Accelerating Manufacturing and Regulatory Pathways

One of the standout outcomes from the JDC meeting is the potential to accelerate the transfer of manufacturing technology to Australia by up to six months. This advancement not only brings forward a critical development milestone but also mitigates risks associated with clinical timelines and regulatory approvals. By establishing manufacturing capabilities earlier in Australia, AdCella can optimise processes in-house and conduct toxicology studies using the exact manufacturing methods intended for clinical trials, enhancing regulatory confidence.

Complementing this, the partners have devised a two-stage engagement strategy with the US Food and Drug Administration (FDA). The initial meeting will clarify requirements for the Investigational New Drug (IND) application, while a subsequent meeting post-technology transfer will allow AdCella to present real comparability data rather than theoretical assessments. This approach is designed to reduce regulatory uncertainty and improve the quality of feedback, smoothing the path toward clinical trial commencement.
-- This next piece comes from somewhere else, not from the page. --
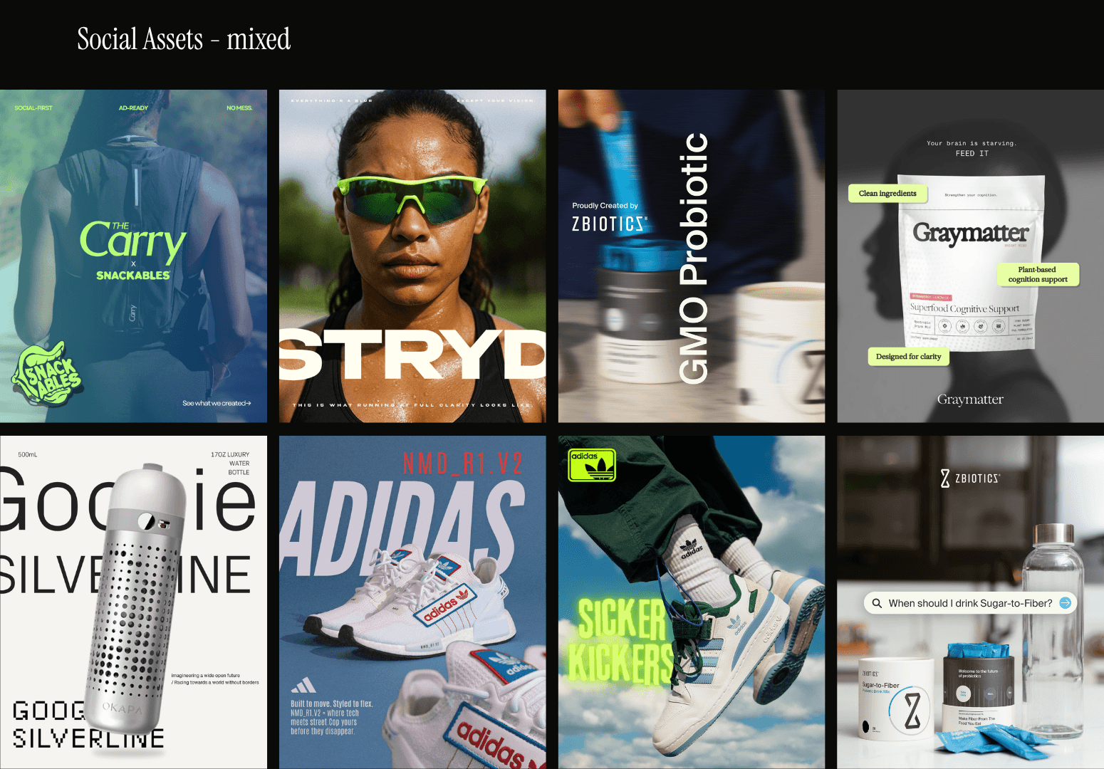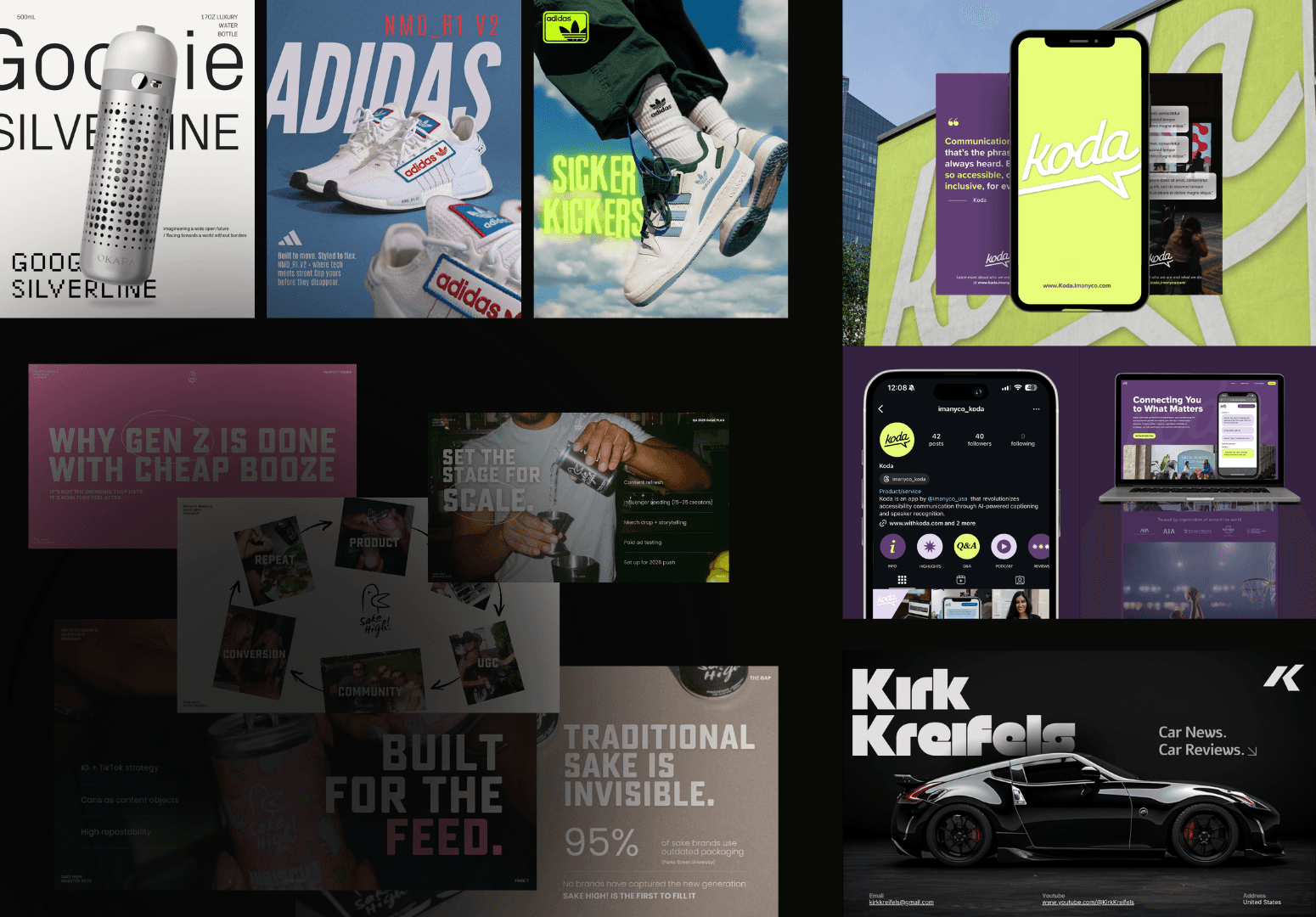 A curated collection of digital design work across multiple clients, exploring a range of styles, formats, and visual approaches. Highlighting versatility in design, creating visuals, exploring strong typography and layout, as well as digital storytelling.

Clinical Progress and Strategic Flexibility

Meanwhile, the China Investigator Initiated Trial (IIT) for BZDS1901 has completed dosing in its first extension cohort involving five mesothelioma patients, with updated clinical results pending. The JDC meeting also identified opportunities to refine clinical trial strategies for both the ongoing China IIT and the planned Phase 1 trial in Australia, underscoring the dynamic nature of the collaboration.

Importantly, the existing collaboration agreement between AdCella and SHcell is sufficiently flexible to accommodate changes in manufacturing timelines and regulatory strategies, as well as AdCella’s current resourcing plans. This adaptability is crucial in the fast-evolving biotechnology landscape, allowing the partnership to respond effectively to new data and regulatory feedback.

Positioning for the Future

AdAlta’s broader strategy leverages Asia’s strengths in T cell therapy innovation alongside Australia’s clinical and manufacturing expertise, aiming to bridge Eastern innovation with Western regulatory markets. BZDS1901, with its novel immune checkpoint inhibitor armouring and rapid manufacturing process, represents a promising candidate in the underserved solid tumour immunotherapy space, projected to grow substantially in the coming years.

As AdAlta and AdCella advance this collaboration, investors and observers will be watching closely for the forthcoming clinical data updates and the progress of regulatory engagements, which will be pivotal in validating the accelerated development pathway and the therapy’s potential impact.